Marília, Marina e Juliano, profissionais do Colégio Bom Jesus e FAE (PR)
Juliano Zemuner, da equipe de comunicação do Bom Jesus, lembrou um exemplo no Colégio Bom Jesus de Vacaria (RS), onde um professor, ao falar sobre São Francisco de Assis aos alunos, promoveu uma ação comunitária, que cresceu e se expandiu além do campo educacional. Já Ari Ignácio de Lima, coordenador de Jornalismo TV Sudoeste, contou que recentemente fez uma reportagem num assentamento de “sem terras”, em Mangueirinha (PR), onde há 26 anos tinha registrado o começo do trabalho para a formação da nova comunidade. “Hoje ela é organizada, com famílias estruturadas, filhos na universidade ou já formados, até médicos já saíram de lá….. Uma reportagem que me realizou como profissional e que vem ao encontro da nossa missão de promover boas práticas. Como eu gostaria de ter uma dessas por dia…”, desejou o comunicador.
Dentro dessa sintonia com o fundador da Ordem Franciscana, Frei Medella também abordou o compromisso com a ecologia, o cuidado do meio ambiente, a cultura da paz e também da promoção do diálogo. “Francisco possuía uma incrível habilidade de dialogar e promover o diálogo”, lembrou o frade. “Como nossa comunicação tem contribuído para a construção da paz no trânsito, nas famílias, nos ambientes de trabalho, etc?”, perguntou Frei Medella. Ana Paula Moreira, jornalista da Universidade São Francisco, lembrou as atividades da USF com a comunidade, destacando a VII Semana Jurídica sobre os 70 Anos da Declaração Universal dos Direitos Humanos, sobre o tema “O Direito de todas as faces. As faces do Direito”, que será realizada no Campus Itatiba, de 22 a 23 de agosto, das 09h30 às 11h, e no período noturno e de 21 a 24 de agosto, das 19h30 às 22h.

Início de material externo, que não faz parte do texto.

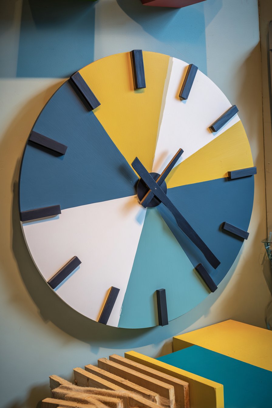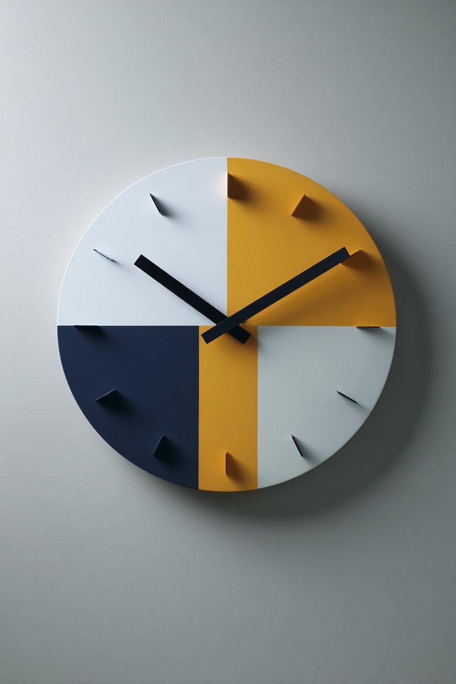 Positioned on a neutral wall in an eclectic living space with contemporary art and vibrant accent pieces, this clock becomes an artwork in its own right. Professional interior photography with even lighting captures the playful color combinations and graphic design elements, demonstrating how the clock contributes to the room’s overall creative energy. The bold color blocking creates strong visual impact from across the room while the geometric composition rewards closer examination. Navy blue provides visual weight and sophistication, mustard yellow adds warmth and energy, and white creates breathing room and contrast.
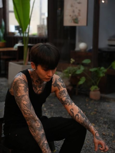 Apprenons à connaître l'incroyable Implastoun tatoueur sud-coréen dont l'approche audacieuse et fluide du noir est redéfini les limites du tatouage
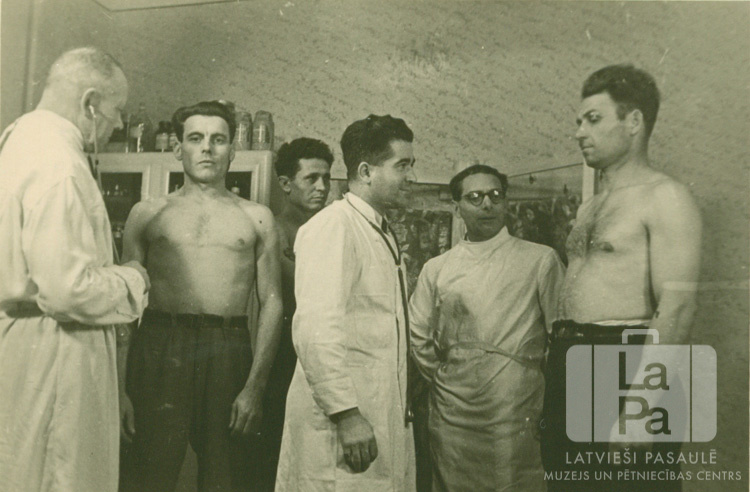 Trīs ārsti baltos halātos un divi vīri ar atkailinātu augšdaļu stāv kabinetā pārvietoto personu medicīniskajā pārbaudē (angļu zonā). Fonā pie sienas ir skapis ar stikla traukiem, kā arī aizslietnis. Foto autors: E. Kraucs (filma).

Frei Medella frisou a importância de discutir a questão dos direitos humanos, exatamente quando a sociedade brasileira dissemina discursos de ódio, preconceito e violência. “A nossa evangelização não pode passar ao largo. Nosso exercício profissional de comunidades franciscanas não pode desconsiderar o tema. No caso, se nós nos fechamos ou não damos atenção a esse tipo de temática, não estamos fazendo como Francisco que soube ouvir o Crucifixo de São Damião e, de certa maneira, estamos nos tornando até indiferentes aos apelos que a vida nos apresenta”, completou o frade.